- **SUPPLIED DATA**
________
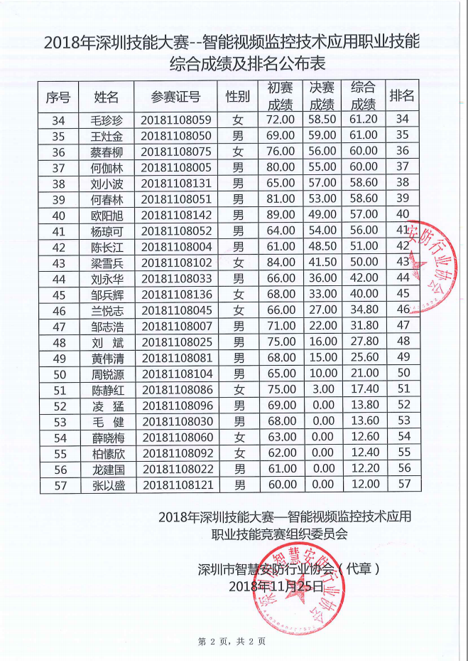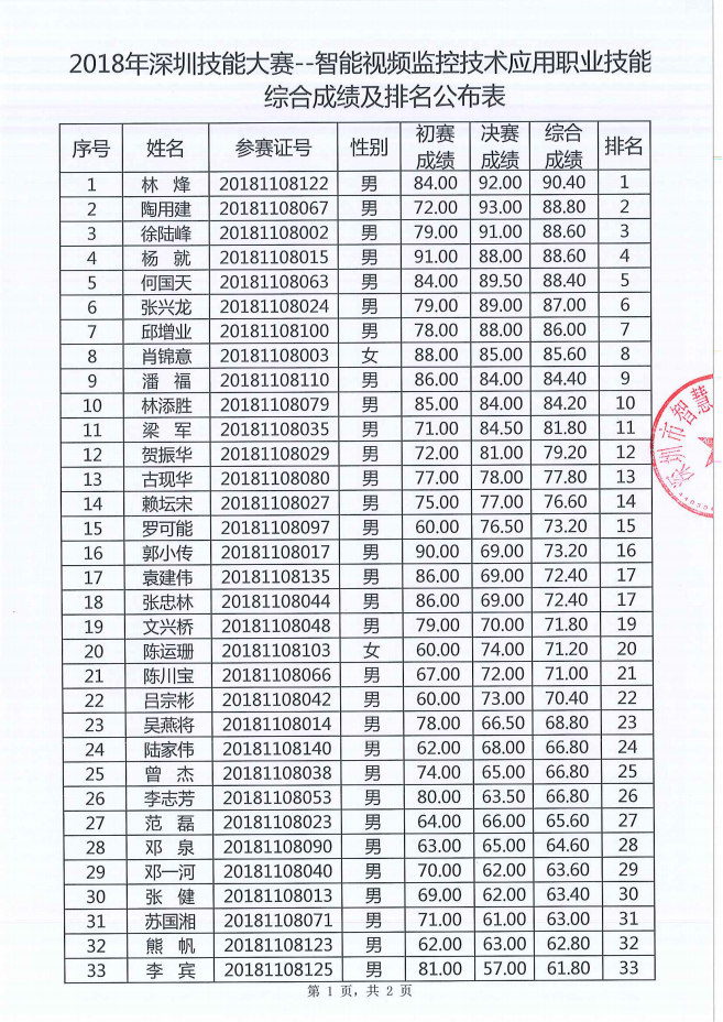 2018年深圳技能大赛——智能视频监控技术应用职业技能竞赛综合成绩公布啦!
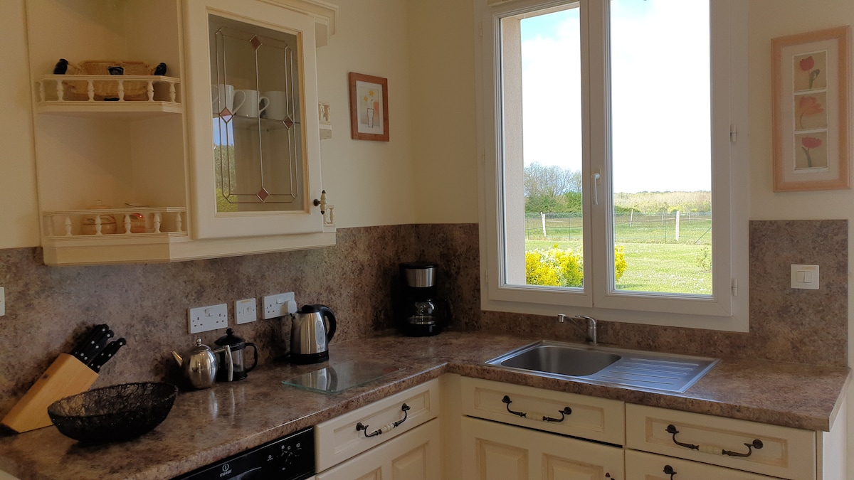 Welcome to Lavender View a charming little gite nestled in peace and tranquility with views of the countryside. It is composed of a fully equipped kitchen including filter coffee maker, toaster, kettle, microwave, cooker and dishwasher; lounge/dining room with sofa, TV with french doors opening on to the terrace and enclosed garden; large bedroom with 150x200cm (king size) bed, wardrobes and chests of drawers; on the terrace is a table and chairs, parasol and use of sun loungers and BBQ.
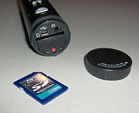 Here are pictures of both ends of the camera. In the first photo you can see the microphone located above the camera lens. The other two photos show the back end of the camera with the twist-lock cap off. You can see where the SD card and the battery tray slide into the camera. Also visible on the back end are the USB 1.1 and A/V jacks matching the cables come with the camera. When the camera is plugged into a live USB port, it draws power from the port instead of the batteries. The camera's internal or add-in memory (but not both at once) are then accessible by your computer as a removable drive assuming you have already loaded the included software. (More on this below.) The A/V cable lets you connect the camera directly to a TV or VCR so you can play back your recorded images. In this mode, the Menu and Enter buttons control on screen VCR-like buttons.
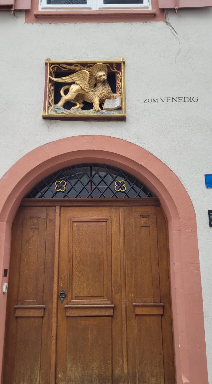 (Foto: Am Schlüsselberg in Basel findet sich ein 1470 entstandenes Relief des Markuslöwen als Hauszeichen am Haus zum Venedig, das einem Kaufmann mit Geschäftsbeziehungen zu Venedig gehörte. Von 1805 bis 1808 befand sich in diesem Haus der Betsaal der dritten jüdischen Gemeinde Basels, von 1824 bis 1891 war es Logenhaus der Freimaurer „Zur Freundschaft und Beständigkeit“, 1955 wurde es als Nebengebäude des Museums an der Augustinergasse umgebaut. Wie in vielen Darstellungen hält der Löwe mit seiner Pfote ein aufgeschlagenes Buch, in welchem man folgende Worte lesen kann: PAX TIBI MARCE EVANGELISTA MEUS – Friede sei mit dir, Markus, mein Evangelist)
________
- **WORK REQUIRED**
Only the lines from the one containing "Welcome to Lavender" through the final line of the data are to be written out, exactly as they stand and without pictures.

- **ANSWER SPACE**
 Welcome to Lavender View a charming little gite nestled in peace and tranquility with views of the countryside. It is composed of a fully equipped kitchen including filter coffee maker, toaster, kettle, microwave, cooker and dishwasher; lounge/dining room with sofa, TV with french doors opening on to the terrace and enclosed garden; large bedroom with 150x200cm (king size) bed, wardrobes and chests of drawers; on the terrace is a table and chairs, parasol and use of sun loungers and BBQ.
 Here are pictures of both ends of the camera. In the first photo you can see the microphone located above the camera lens. The other two photos show the back end of the camera with the twist-lock cap off. You can see where the SD card and the battery tray slide into the camera. Also visible on the back end are the USB 1.1 and A/V jacks matching the cables come with the camera. When the camera is plugged into a live USB port, it draws power from the port instead of the batteries. The camera's internal or add-in memory (but not both at once) are then accessible by your computer as a removable drive assuming you have already loaded the included software. (More on this below.) The A/V cable lets you connect the camera directly to a TV or VCR so you can play back your recorded images. In this mode, the Menu and Enter buttons control on screen VCR-like buttons.
 (Foto: Am Schlüsselberg in Basel findet sich ein 1470 entstandenes Relief des Markuslöwen als Hauszeichen am Haus zum Venedig, das einem Kaufmann mit Geschäftsbeziehungen zu Venedig gehörte. Von 1805 bis 1808 befand sich in diesem Haus der Betsaal der dritten jüdischen Gemeinde Basels, von 1824 bis 1891 war es Logenhaus der Freimaurer „Zur Freundschaft und Beständigkeit“, 1955 wurde es als Nebengebäude des Museums an der Augustinergasse umgebaut. Wie in vielen Darstellungen hält der Löwe mit seiner Pfote ein aufgeschlagenes Buch, in welchem man folgende Worte lesen kann: PAX TIBI MARCE EVANGELISTA MEUS – Friede sei mit dir, Markus, mein Evangelist)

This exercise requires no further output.